Multi-terminal video detection model online retraining method
Technical Field
The invention relates to the field of retraining of a compression depth model and hardware acceleration based on deep learning, in particular to an online retraining method of a multi-terminal video detection model.
Background
Along with the improvement of the living standard of people and the high-speed development of science and technology, electronic equipment such as a smart phone is widely popularized, the deployment of a deep learning mobile terminal is concerned by more and more researchers, but the deployment of the neural network on the mobile terminal is difficult and hindered by a huge neural network and a mobile terminal hardware platform with limited resources. Researchers have begun to move from model compression techniques and deep learning hardware accelerators, and have made significant advances in this area. However, video analysis based on deep learning inevitably faces the problem of data drift, that is, video data of a real scene is different from data in training of a deep model, and under the influence of the data, the precision of a shallow lightweight model in the real scene may be obviously reduced, so that the requirements of customers are not met, and online model retraining is an effective way for solving the problem.

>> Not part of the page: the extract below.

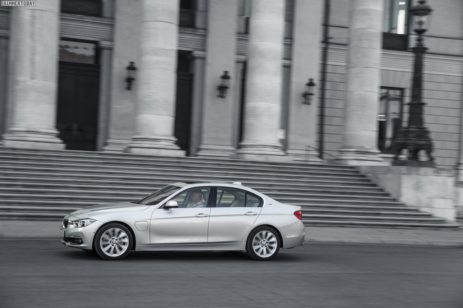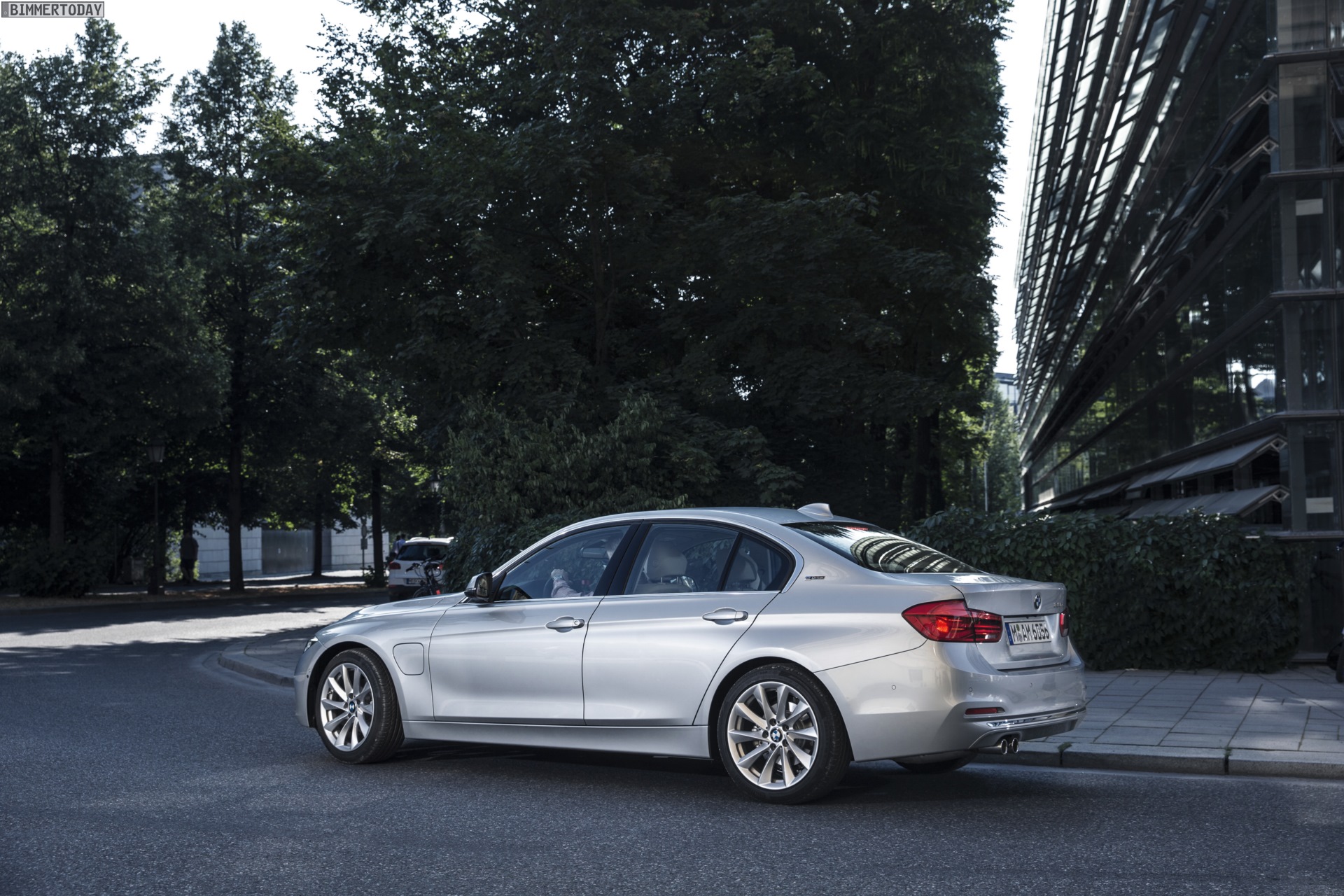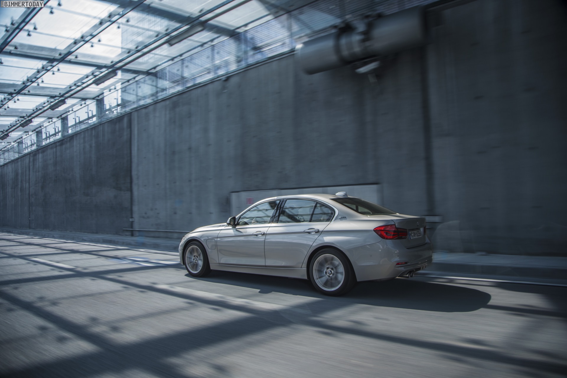 Der zusätzlichen Technik zum Trotz verbleiben im Kofferraum des BMW 330e immerhin 370 Liter Gepäckraum-Volumen, auch die Rückbank bleibt im Verhältnis 40 : 20 : 40 teilbar. Dynamische Fahrer dürfen sich außerdem darüber freuen, dass sich das Gewicht des 330e gleichmäßig auf beide Achsen verteilt. Mit einem EU-Leergewicht von 1.735 Kilogramm ist der Plug-in-Hybrid rund 160 Kilogramm schwerer als ein gewöhnlicher 330i, ein 330d bringt 120 Kilogramm weniger auf die Waage.

At present, most of models are retrained on line by relying on knowledge distillation technology, and in the process, a terminal model is used as a student model to learn from a teacher model located on an edge server, so that model updating is realized. However, because the edge server resources are limited, the deployed 'teacher' model has a simple structure, and the performance of the whole system is affected by the problem of data drift. Meanwhile, the speed of on-line retraining of the model also influences the average reasoning precision of the terminal model, so that the acceleration of the retraining process is also important.
Disclosure of Invention
Technical problem to be solved
In order to avoid the defects of the prior art, the invention provides an online retraining method of a multi-terminal video detection model.
Technical scheme
A multi-terminal video detection model online retraining method is characterized by comprising the following steps:
step 1: uploading the data collected and screened by each terminal to an edge terminal, and labeling the data without the label by using a global model positioned in an edge server;
step 2: obtaining a data set of each intermediate model and the feature distribution of the overall data before aggregation by using a sample label of the local model and a prediction module of the intermediate model;
and step 3: all local models sharing a global model are sampled in parallel on the overall characteristic distribution according to the characteristic distribution to obtain an augmentation sample, and an original data set of the augmentation sample is updated;
and 4, step 4: according to the new data set, the corresponding local model and the corresponding intermediate model are mutually learned, the local model and the intermediate model are updated, and loss functions corresponding to the training of the two models are rewritten as follows:
L local =αL Clocal +(1-α)D KL (P mid ||P local )
L mid =βL Cmid +(1-β)D KL (P mid ||P local )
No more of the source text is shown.